(DATASET ENTRIES)
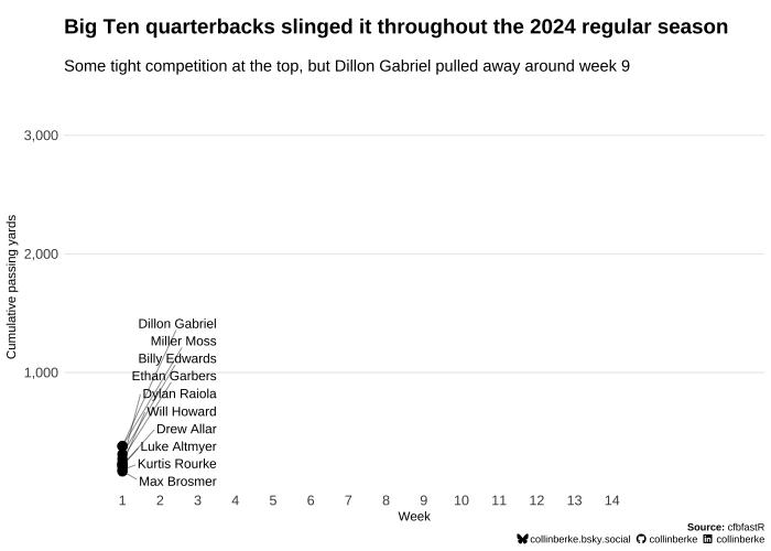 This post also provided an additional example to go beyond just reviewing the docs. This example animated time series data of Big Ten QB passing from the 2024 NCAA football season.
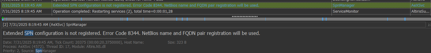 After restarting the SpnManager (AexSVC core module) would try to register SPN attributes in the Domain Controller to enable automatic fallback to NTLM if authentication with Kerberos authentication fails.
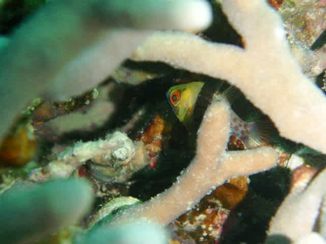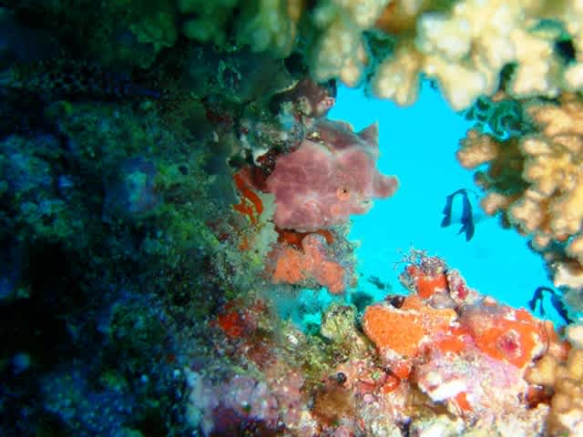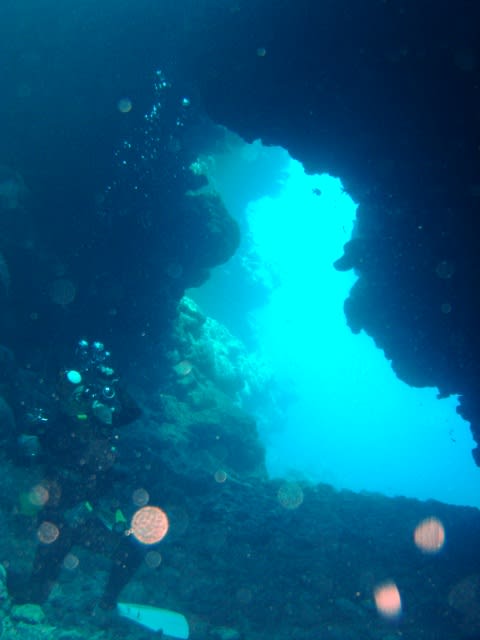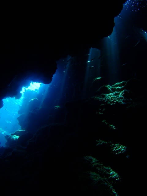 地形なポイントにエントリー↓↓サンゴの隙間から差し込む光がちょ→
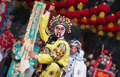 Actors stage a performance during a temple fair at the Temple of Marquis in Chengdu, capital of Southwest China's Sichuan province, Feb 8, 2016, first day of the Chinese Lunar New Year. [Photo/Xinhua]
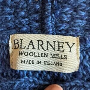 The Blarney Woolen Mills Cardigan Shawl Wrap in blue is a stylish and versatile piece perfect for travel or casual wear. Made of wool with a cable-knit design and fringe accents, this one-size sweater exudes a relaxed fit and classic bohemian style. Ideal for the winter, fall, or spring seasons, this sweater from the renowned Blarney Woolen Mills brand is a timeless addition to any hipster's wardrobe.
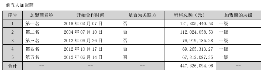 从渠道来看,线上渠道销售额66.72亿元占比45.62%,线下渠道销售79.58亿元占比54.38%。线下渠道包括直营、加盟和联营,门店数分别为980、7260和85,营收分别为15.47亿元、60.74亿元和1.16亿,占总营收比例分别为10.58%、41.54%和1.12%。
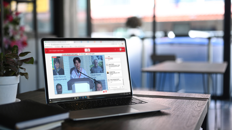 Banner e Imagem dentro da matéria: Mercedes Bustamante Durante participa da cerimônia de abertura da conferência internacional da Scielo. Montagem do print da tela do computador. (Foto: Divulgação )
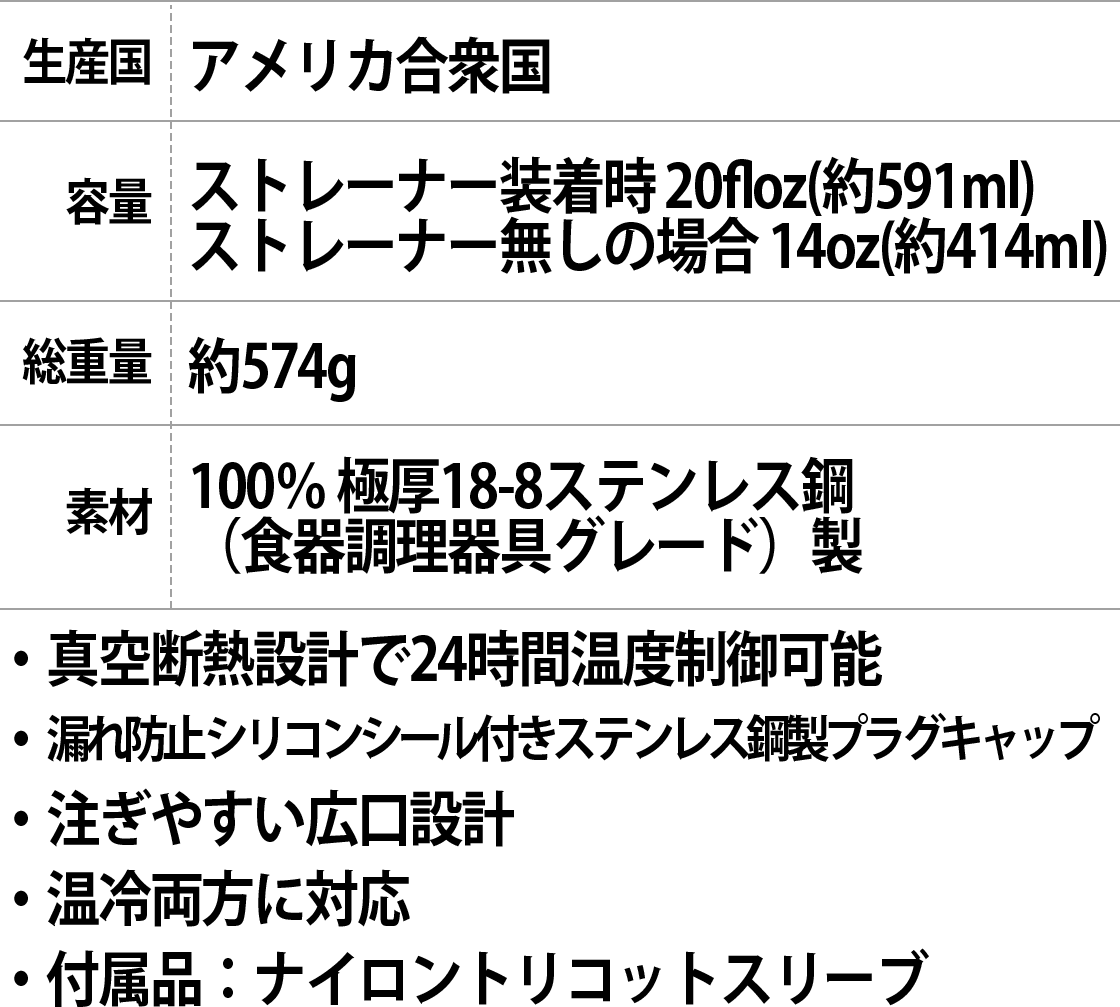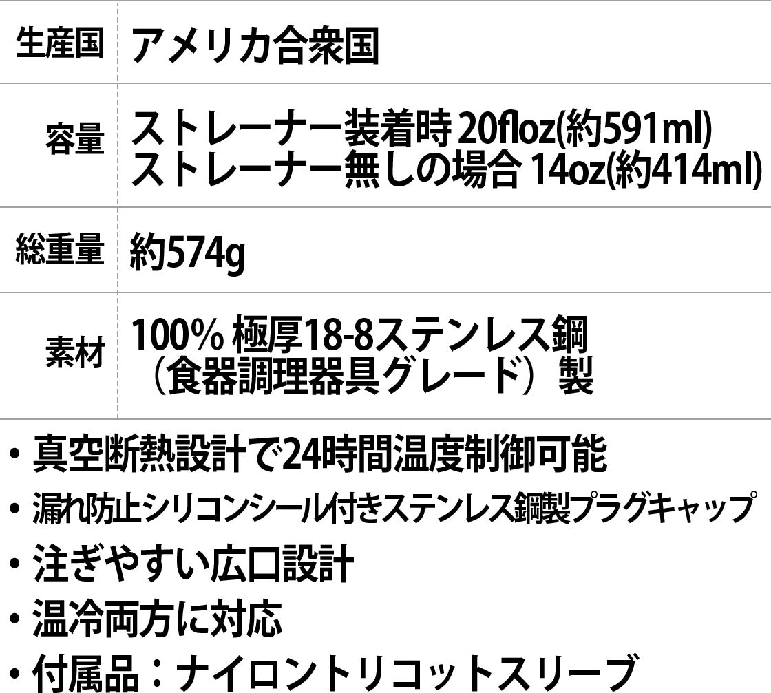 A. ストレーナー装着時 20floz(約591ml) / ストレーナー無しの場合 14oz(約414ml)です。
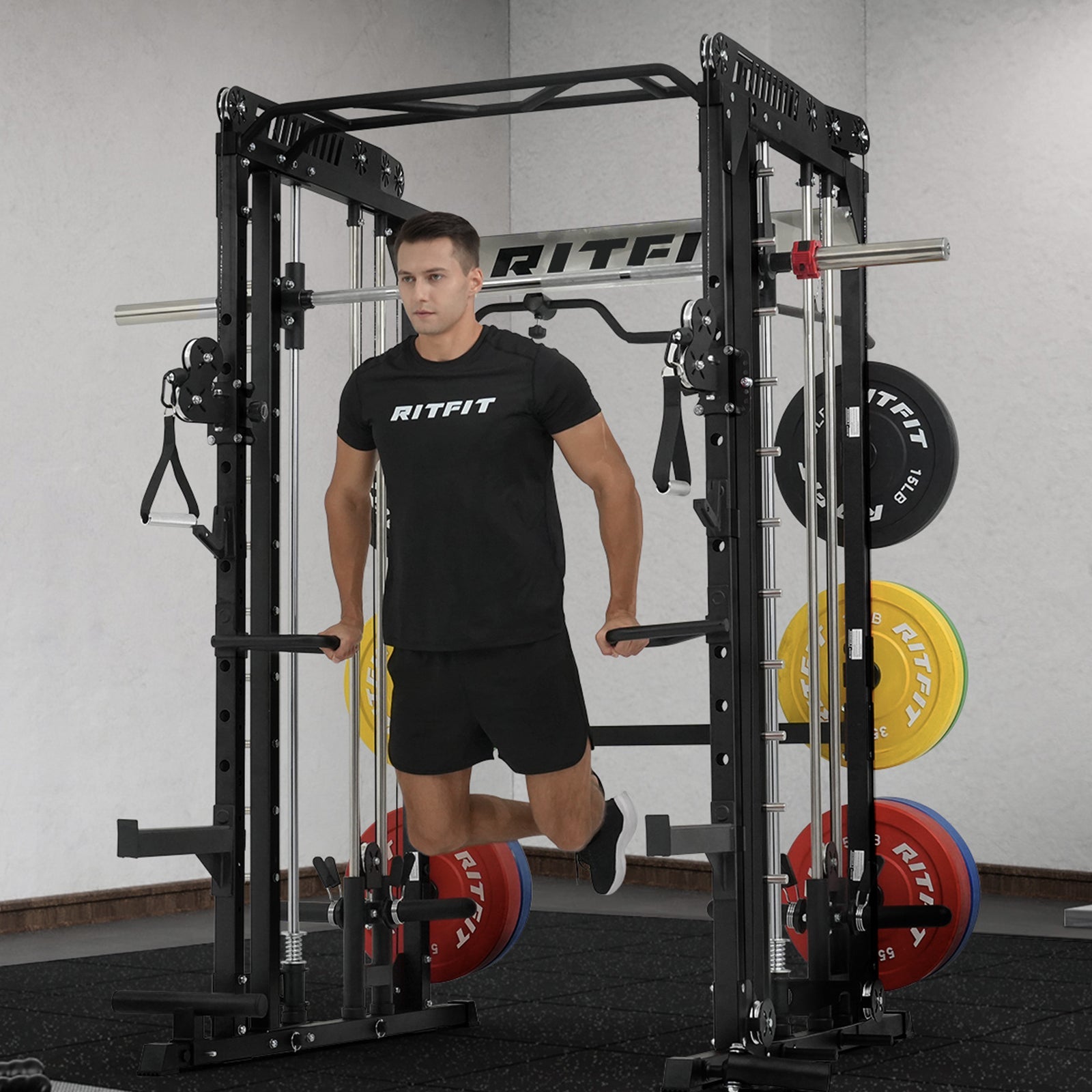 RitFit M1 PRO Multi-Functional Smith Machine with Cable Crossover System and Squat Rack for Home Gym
(End DATASET ENTRIES)
» TASK GOAL
Exclude all pictures and reproduce verbatim the lines running from the line that contains "A. ストレーナー装着時 20floz(約591ml)" to the end of the data above, both ends included.

» SOLVED PROBLEM
 A. ストレーナー装着時 20floz(約591ml) / ストレーナー無しの場合 14oz(約414ml)です。
 RitFit M1 PRO Multi-Functional Smith Machine with Cable Crossover System and Squat Rack for Home Gym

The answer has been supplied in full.